An Introduction To Income Tax

Posted by Articles Point on Sunday, August 19, 2012

Income should be in money or money worth- Any type of monetary receipt which is deserved from any source or sources of income is called income. It is not necessary that the income is received in money. If it is received in kind or in the form of perquisites, it will be treated as income provided it can be measured in terms of money.

The sources of earnings should be definite- If any receipt is derived from some definite source of earnings, then it shall be treated as income, otherwise not. Receipt must be covered by any head of income to be considered as source of earnings otherwise it shall not be treated as a source of income.

Revenue should come from outside- Income must always come from outside nobody can receive revenue from himself. Thus excess of revenue over expenditures in a club in which the revenue comes through the subscription from members only cannot be considered as income of the club, because the excess is not the receipt from outside but it is from the club itself.

Regularity of profits is not essential- Generally the income is received monthly or in quarterly basis. But it is not necessary that the earnings should be received regularly. Amount received in one lump-sum may also be treated as income.  For example receipt of gratuity there is no regularity in the earnings of lottery, gambling etc. but such receipts are taxable as income.

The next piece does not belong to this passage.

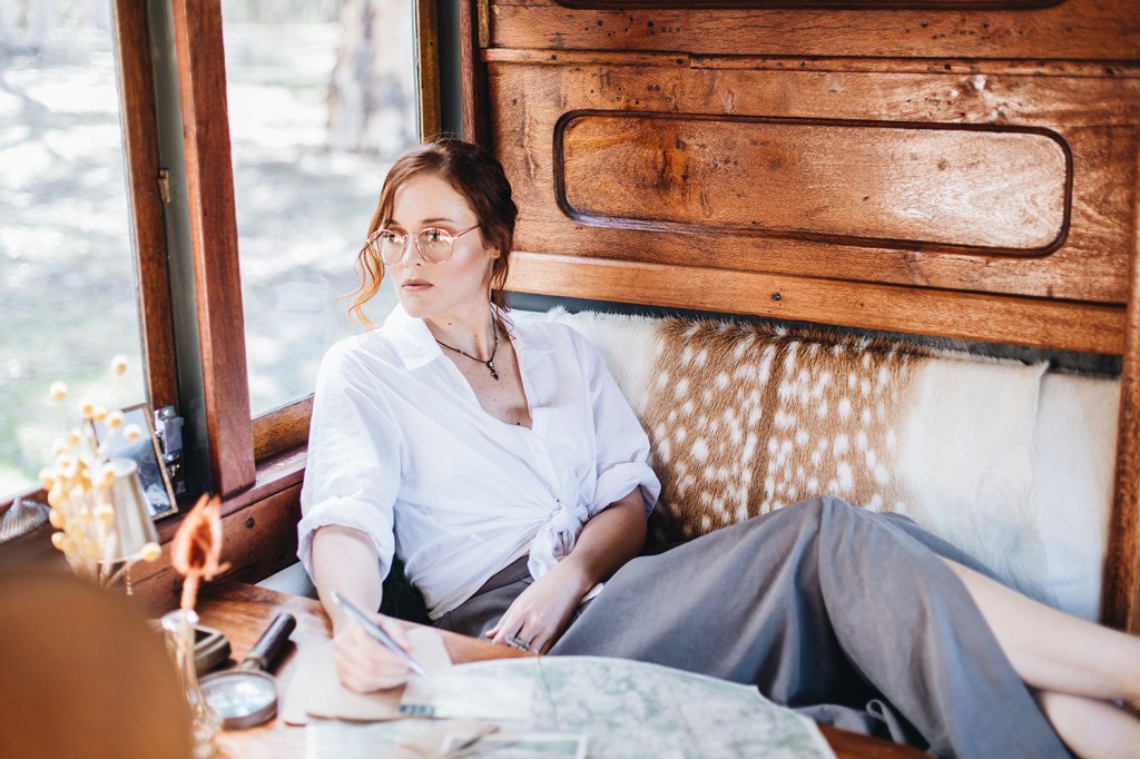 Solar powered and unique, Carriage 343 is still on original wheels, and rocks when you walk. With stunning rolling rural views one side and scribbly gums the other – it will take your breath away. Unique and quirky with fallow deer upholstery and an outdoor bath, experience a rustic eco-escape with a touch of old-world luxury.

Returns becomes taxable on the basic of accumulation- If an assessee has earned a profits or has got a right to receive the revenue it would be treated his income, it does not matter that the assessee has received it or not till the end of the year. For ex. a private college paid salary of February and March-2011 to its employees in the month of April-2011. Thus the salary of February and March-2011 will be taxable as income of previous year 2010-11, but it is received by the employee in April 2011 i.e. in previous year of 2011-12.

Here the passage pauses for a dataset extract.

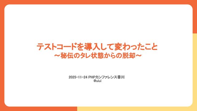 テストコードを導入して変わったこと 〜秘伝のタレ状態からの脱却〜 2025-11-24 PHPカンファレンス香川 @uiui

Application of income is income while diversion of income is not income- If in any transaction an income is received by the assesses and after that he utilizes that income voluntarily in discharging an obligation, it is called application of income and it would be taxable in the hands of assessee. But in any transaction an income is received by a person for transferring it to some other person, then it is called the diversion of income and such amount shall not be treated as income of assessee.